Alaska: Les caribous s’appuient sur des expériences collectives pour adapter de manière flexible leurs migrations aux conditions hivernales changeantes. C’est ce que montrent de nouvelles études de longue durée financées par la National Science Foundation des États-Unis. Les résultats apportent des preuves impressionnantes du rôle central de la mémoire sociale dans la survie des grandes hardes animales au sein d’un Arctique qui se réchauffe rapidement.
Les caribous constituent l’espèce de grand mammifère terrestre la plus répandue de l’Arctique et représentent une source alimentaire essentielle pour de nombreuses communautés autochtones. Ils accomplissent en outre les plus longues migrations saisonnières de tous les animaux terrestres, sur plusieurs centaines de kilomètres. Il est frappant de constater qu’ils n’empruntent pas les mêmes routes chaque année.

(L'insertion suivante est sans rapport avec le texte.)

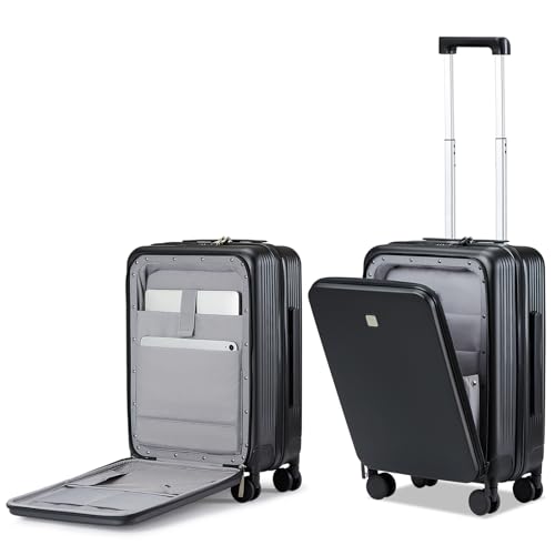 Hanke Uppgradering handbagage med främre laptopficka, 20 tum PC hårt fodral resväskor med spinner-hjul och TSA-lås, rullande bagage för affärsresor och kort resa, Kolsvart, Carry On 20-Inch-EXT,
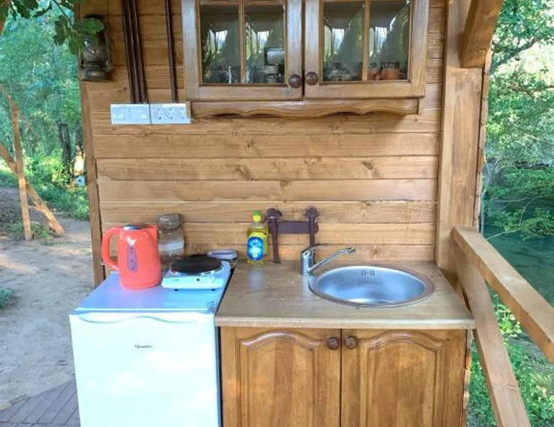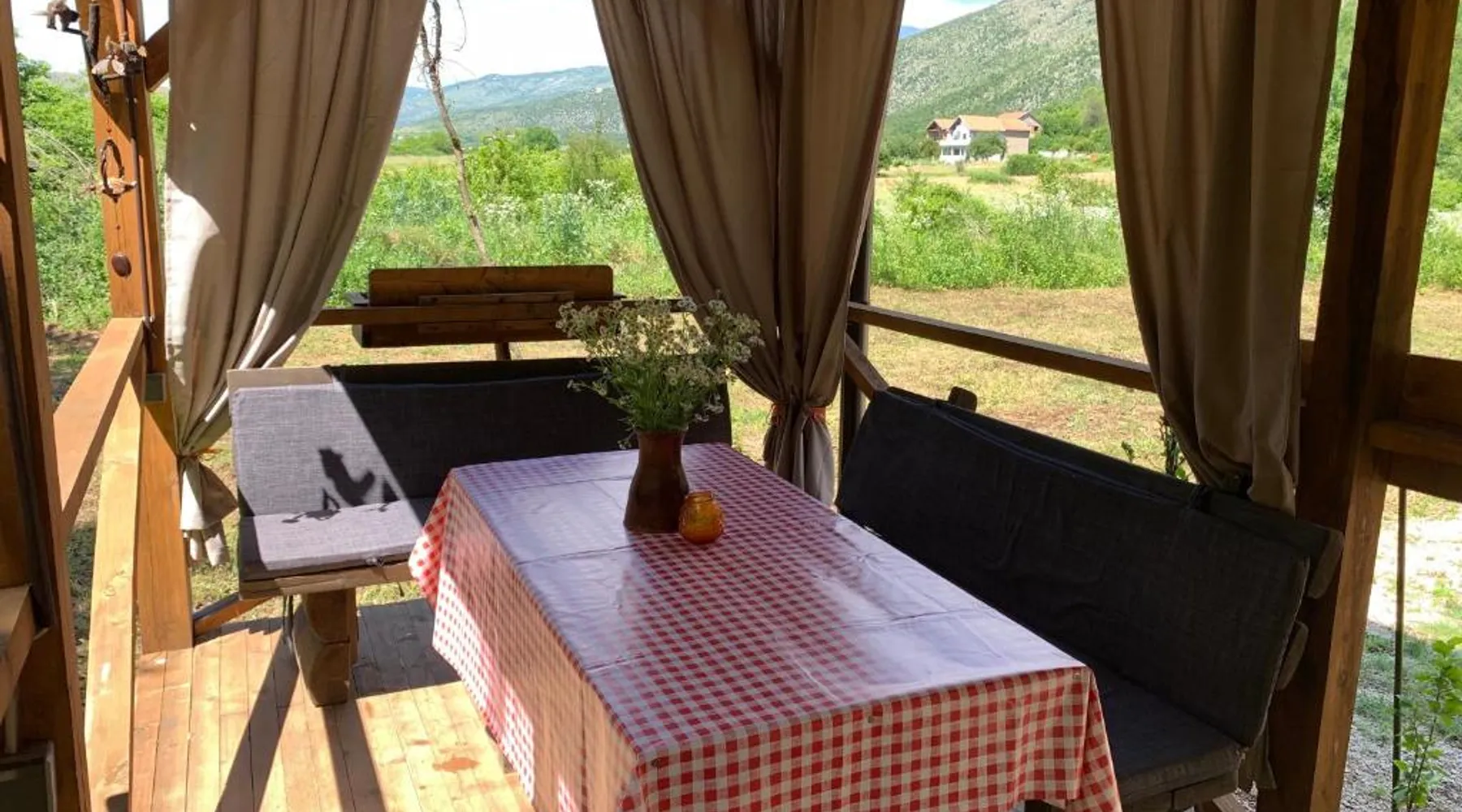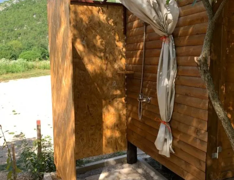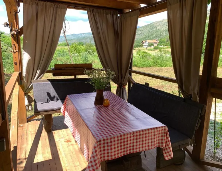 Elegant Accommodations: Cozy Treehouse with private sand beach in Blagaj offers a luxury tent experience with a private beach. Guests enjoy a spacious garden and terrace, complemented by free WiFi. Comfortable Amenities: The property features a kitchenette, private bathroom, and outdoor seating area. Additional amenities include a barbecue, dining table, and outdoor furniture. Free on-site private parking is available. Local Attractions: Located 5.6 mi from Mostar International Airport, the treehouse is near Old Bridge Mostar (9.9 mi) and Kravica Waterfall (25 mi). Other attractions include Muslibegovic House (11 mi) and St. Jacobs Church (17 mi). Guest Satisfaction: Highly rated by guests, the property ensures a pleasant and memorable stay with its excellent facilities and scenic views. The tent offers a private entrance, a tea and coffee maker, as well as a private bathroom featuring a shower and a hairdryer. Guests will find a stovetop, a refrigerator and kitchenware in the kitchenette. The tent also has a barbecue. Among the room amenities are a seating area, a dining area, heating as well as a patio and garden views. The unit offers 2 beds.
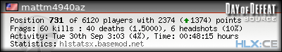 | Rank | Server | Kills | % | Ratio | Deaths | K:D | Headshots | Percentage of Headshots | % | HS:K |
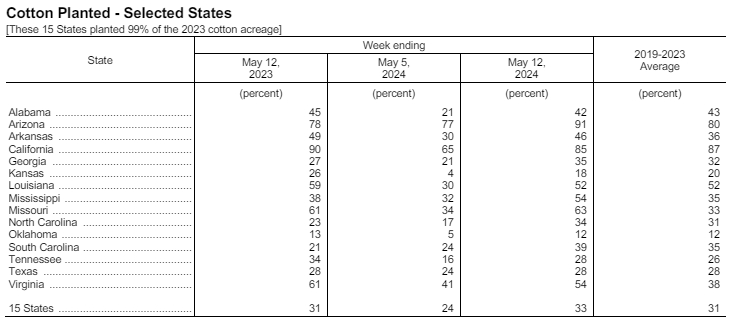 據(jù)美國農(nóng)業(yè)部網(wǎng)站5月13日消息,美國農(nóng)業(yè)部(USDA)在每周作物生長報告中公布稱,截至2024年5月12日當周,美棉種植率為33%,前周為24%,去年同期為31%,五年均值為31%。
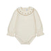 This elegant girls’ bodysuit features a delicate embroidered collar, adding a touch of refined detail to a comfortable and practical design. Perfect for everyday wear with a sophisticated finish.
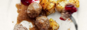 podawane z dżemem borówkowym i chrupiącymi opiekanymi ziemniaczkami
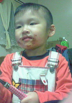 ケーキを買ってきたので殿喜んでチョコレートケーキを食べたら、顔中チョコレートだらけo(^∇^o)(o^∇^)o

Afin de comprendre les causes de cette flexibilité, une équipe de recherche dirigée par Eliezer Gurarie, professeur à la State University of New York, a étudié, en collaboration avec le National Park Service, la harde de caribous de l’ouest de l’Arctique. Sur une période de onze ans (2009–2020), plus de 300 femelles ont été suivies à l’aide de balises GPS. La zone d’étude couvrait environ 360 000 kilomètres carrés dans le nord-ouest de l’Alaska.
L’analyse a montré que le lieu d’hivernage dépend largement des conditions météorologiques. Lors d’hivers doux et venteux, les caribous survivaient plus souvent au sud de la rivière Kobuk, tandis que durant des hivers plus enneigés et plus calmes, de meilleures conditions prévalaient au nord du fleuve. Chaque année, les animaux décidaient à nouveau s’ils traverseraient la rivière, apparemment sur la base des expériences antérieures de la harde.
«Un animal mort, par définition, ne se souvient de rien», explique Gurarie. «Mais les conditions environnementales qui ont entraîné de moindres chances de survie demeurent dans la mémoire collective de la harde.»
Les résultats montrent que les caribous ne se contentent pas de reconnaître les risques : ils transmettent socialement leurs connaissances et les utilisent pour prendre des décisions communes. Cet apprentissage collectif réduit le risque de mortalité individuelle et augmente les chances de survie de l’ensemble de la harde.
Étant donné que l’Arctique se réchauffe plus rapidement que presque toutes les autres régions du monde, ce comportement pourrait être décisif pour l’avenir de l’espèce. L’étude révèle que les processus d’apprentissage social chez les animaux sauvages constituent un facteur jusqu’ici sous-estimé de leur capacité d’adaptation au changement climatique.